I jumped high and whipped around, dropping into a crouch, aiming the only weapon I had—my cell phone in flashlight mode—directly at the intruder.
“Who are you?” I countered, backing toward the corner where the tools stood. The man blocking my exit wasn’t huge, but even an average-sized man was a lot bigger than I was. If I could grab the poker, or even the shovel, I could do him enough damage so I could make my escape. I inched back, reaching behind me with my free hand.
“Felix Stanton,” the man said. “Northern Development.” He reached into his pocket and I grasped a tool. Whatever it was, it had to be better than nothing. “Here’s my card,” he said, holding the flat rectangle in my direction. “Are you a real estate agent? Because I’ve already talked to the family.”
Everything fell into place. I looked back at the tool I’d grabbed. A leaf rake. Well, it might have worked. “Minnie Hamilton,” I said, taking his card. It was made of thick paper stock and was emblazoned with a logo so professional I almost asked him for the name of his graphic designer. Then I shoved the designed-to-impress card into my coat pocket and looked at Felix. Or tried to; the light was so poor that all I was seeing was a silhouette in the doorway. “Let’s go outside.”
“What? Oh, sure.” He walked out and my shoulders released a bit of tension. My brain hadn’t really thought I was under attack, but my tummy had been concerned.

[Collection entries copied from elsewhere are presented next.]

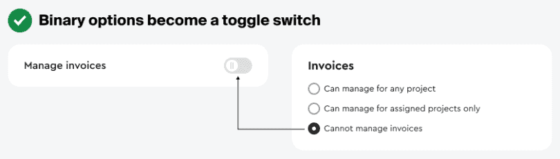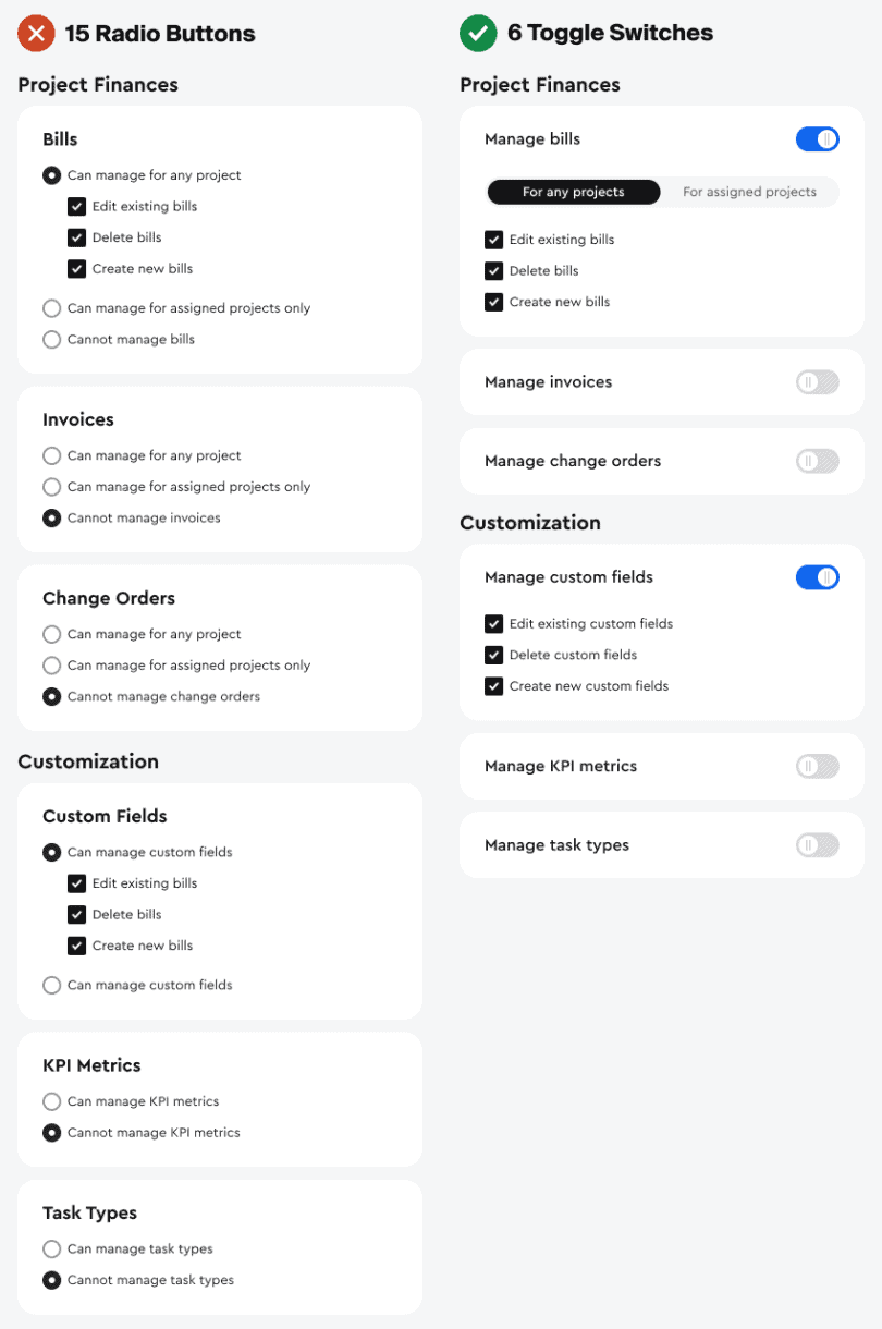 При выборе переключателя вам не придётся заставлять людей много читать или использовать множество элементов управления. Один переключатель помогает сократить многословные названия до одного краткого названия и количество радиобаттонов до одного элемента управления.
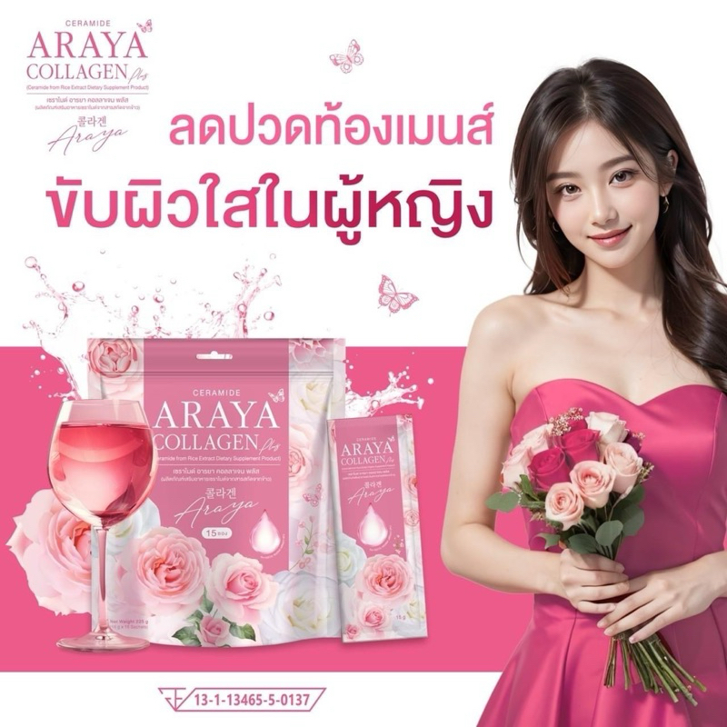 คอลลาเจนชมพู อารยาเซราไมด์ ARAYA COLLAGEN CERAMIDE 1 ห่อ บรรจุ 15 ซอง ฝ้ากระ ฟิตฟู
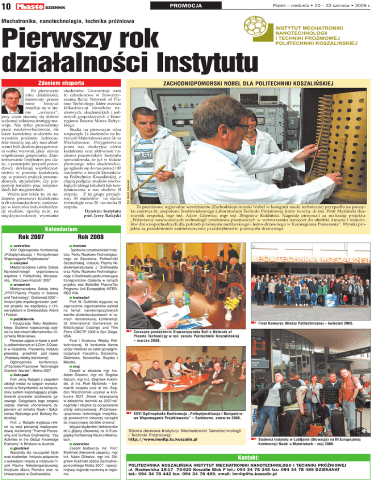 10 PROMOCJA Pi¹tek – niedziela • 20 – 22 czerwca • 2008 r. Mechatronika, nanotechnologia, technika pró¿niowa Pierwszy rok dzia³alnoœci Instytutu Zdaniem eksperta studentów. Gwarantuje nam to cz³onkostwo w Stowarzyszeniu Baltic Network of Plasma Technology, które zrzesza kilkadziesi¹t oœrodków naukowych, akademickich i jednostek gospodarczych z Euroregionu Basenu Morza Ba³tyckiego. Studia na pierwszym roku rozpoczê³o 14 studentów na In¿ynierii Materia³owej oraz 24 na Mechatronice. Przygotowana przez nas atrakcyjna oferta kszta³cenia oraz aktywnoœæ naukowa pracowników Instytutu spowodowa³a, ¿e ju¿ w trakcie pierwszego roku akademickiego zg³osi³o siê do nas ponad 100 studentów z innych kierunków na Politechnice Koszaliñskiej, z chêci¹ podjêcia studiów równoleg³ych (drugi fakultet) lub kontynuowania u nas studiów II stopnia. Z tej grupy przyjêliœmy 30 studentów na studia równolegle oraz 20 na studia II stopnia. Dyrektor Instytutu prof. Jerzy Ratajski Kalendarium Rok 2007 Rok 2008 • czerwiec XXV Ogólnopolska Konferencja „Polioptymalizacja i Komputerowe Wspomaganie Projektowania” • sierpieñ Miêdzynarodowa Letnia Szko³a Nanotechnologii organizowana wspólnie z Politechnik¹ Warszawsk¹, Warszawa-Koszalin 2007 • wrzesieñ Miedzynarodowa Szko³a letnia „PPST-Plasma Physics in Science and Technology”, Greifswald 2007 – Instytut jako wspó³organizator i partner projektu we wspó³pracy z Uniwersytetami w Greifswaldzie, Kilonii i Pradze. • paŸdziernik I Inauguracja Roku Akademickiego. Studenci rozpoczynaj¹ zajêcia na kierunkach Mechatronika i In¿ynieria Materia³owa. Pierwsze zajêcia w klasie o profilu politechnicznym w I LO im. S Dubois w Koszalinie. Pracownicy Instytutu prowadz¹ przedmiot pod nazw¹ „Podstawy wiedzy technicznej”. Ogólnopolska konferencja: „Pró¿niowo-Plazmowe Technologie Cienkich Warstw”, Mielno 2007 • listopad Prof. Jerzy Ratajski z zespo³em zdobyli medal na targach wynalazczoœci w Norymberdze za komputerowy system wspomagaj¹cy projektowanie procesów azotowania gazowego. Osi¹gniêcia tego zespo³u zosta³y równie¿ uhonorowane dyplomem od ministra Nauki i Szkolnictwa Wy¿szego prof. Barbary Kudryckiej. Prof. J. Ratajski wyg³asza referat na sesji plenarnej miêdzynarodowej konferencji “Thermal Processing and Surface Engineering: Key Activities in the Global Knowledge Economy” w Brisbane w Australii. • grudzieñ Warsztaty dla nauczycieli fizyki oraz studentów Instytutu po³¹czone z wyk³adami i wizyt¹ w Instytucie Fizyki Plazmy Niskotemperaturowej, Instytucie Max’a Planck’a oraz na Uniwersytecie w Greifswaldzie. • marzec Spotkanie przedstawicieli Instytutu, Parku Naukowo-Technologicznego ze Szczecina, Politechniki Szczeciñskiej, Instututu Plazmy Niskotemperaturowej z Greifswaldu oraz Parku Naukowo-Technologicznego z Greifswaldu podsumowuj¹ce transgraniczne dzia³ania w ramach projektu sieæ BalticNet PlasmaTec Programu Unii Europejskiej INTERREG IIIIA. • kwiecieñ Prof. W. Gulbiñski wygasza na zaproszenie organizatorów wyk³ad na temat nanokompozytowych warstw przeciwzu¿yciowych w ramach renomowanej konferencji: 35 International Conference on Metallurgical Coatings and Thin Films ICMCTF 2008 w San Diego, USA. Fina³ I Konkursu Wiedzy Politechnicznej. W konkursie bierze udzia³ m³odzie¿ ze szkó³ ponadgimnazjalnych Koszalina, Szczecina, Goleniowa, Szczecinka, S³upska i Miastka. • maj Zespó³ w sk³adzie mgr in¿. Adam Gilewicz, mgr in¿. Bogdan Goluch, mgr in¿. Zbigniew Kukliñski, dr in¿. Piotr Myœliñski – kierownik zespo³u oraz dr in¿. Bogdan Warcholiñski uzyska³ w konkursie NOT „Nowe rozwi¹zania w dziedzinie techniki za 2007rok” nagrodê I stopnia za opracowanie oferty wdro¿eniowej: „Pró¿niowo-plazmowa technologia modyfikacji powierzchni roboczej narzêdzi do maszynowej obróbki drewna”. Wyjazd studentów i doktorantów do Lujbljany (S³owenia) na III Europejsk¹ Konferencjê Nauki o Materia³ach. • czerwiec Zespó³ badawczy in¿. Piotr Myœliñski (kierownik zespo³u), mgr in¿. Adam Gilewicz, mgr in¿. Zbigniew Kukliñski zdoby³ Zachodniopomorskiego Nobla 2007, najwa¿niejsz¹ nagrodê naukow¹ w regionie. ZACHODNIOPOMORSKI NOBEL DLA POLITECHNIKI KOSZALIÑSKIEJ Fot. Kamil Jurkowski Po pierwszym roku dzia³alnoœci, kierowany przeze mnie Instytut znajduje siê w stanie ,,wrzenia”, przy czym staramy siê dobrze wykonaæ za³o¿on¹ strategiê rozwoju. Nie tylko prowadzimy prace naukowo-badawcze, ale tak¿e kszta³cimy studentów na wysokim poziomie. Jednoczeœnie staramy siê, aby nasi absolwenci byli idealnie przygotowani wobec wyzwañ, jakie stawia wspó³czesna gospodarka. Zainteresowanie Instytutem jest du¿e, a potencjalni przyszli pracodawcy deklaruj¹ wspó³uczestnictwo w procesie kszta³cenia np. w postaci; praktyk przemys³owych, stypendiów, czy propozycji tematów prac in¿ynierskich lub magisterskich. Wa¿ne jest tak¿e to, ¿e nadajemy procesowi kszta³cenia tryb niestandardowy, zmierzaj¹c w kierunku indywidualizacji studiów, opartej m.in. na miêdzynarodowej wymianie To presti¿owe regionalne wyró¿nienie (Zachodniopomorski Nobel w kategorii nauki techniczne) przypad³o na pocz¹tku czerwca br. zespo³owi Œrodowiskowego Laboratorium Techniki Pró¿niowej, który tworz¹: dr in¿. Piotr Myœliñski (kierownik zespo³u), mgr in¿. Adam Gilewicz, mgr in¿. Zbigniew Kukliñski. Nagrodê otrzymali za realizacjê projektu: „Wdro¿enie nowoczesnych technologii pró¿niowo-plazmowych w wytwarzaniu narzêdzi do obróbki drewna i materia³ów drewnopochodnych dla potrzeb przemys³u meblarskiego i leœno-drzewnego w Euroregionie Pomerania”. Wyniki projektu s¹ przedmiotem zainteresowania przedsiêbiorstw przemys³u drzewnego. Fina³ Konkursu Wiedzy Politechnicznej – kwiecieñ 2008. Coroczne posiedzenie Stowarzyszenia Baltic Network of Plasma Technology w sali senatu Politechniki Koszaliñskiej – marzec 2008. XXVI

Outside, the sky was still blue and the air still fresh. I’d probably only been in the shack for ten minutes, but time had shifted while I was in there and I wouldn’t have been surprised to see a complete change of seasons and different decade.
Felix Stanton looked to be in his early fifties. He was about five foot ten, broad-shouldered, broad-faced, and had a little bit of a paunch. His cloth driver’s hat, a canvas jacket, navy blue pants, and leather hiking boots looked comfortable and expensive. He also looked familiar.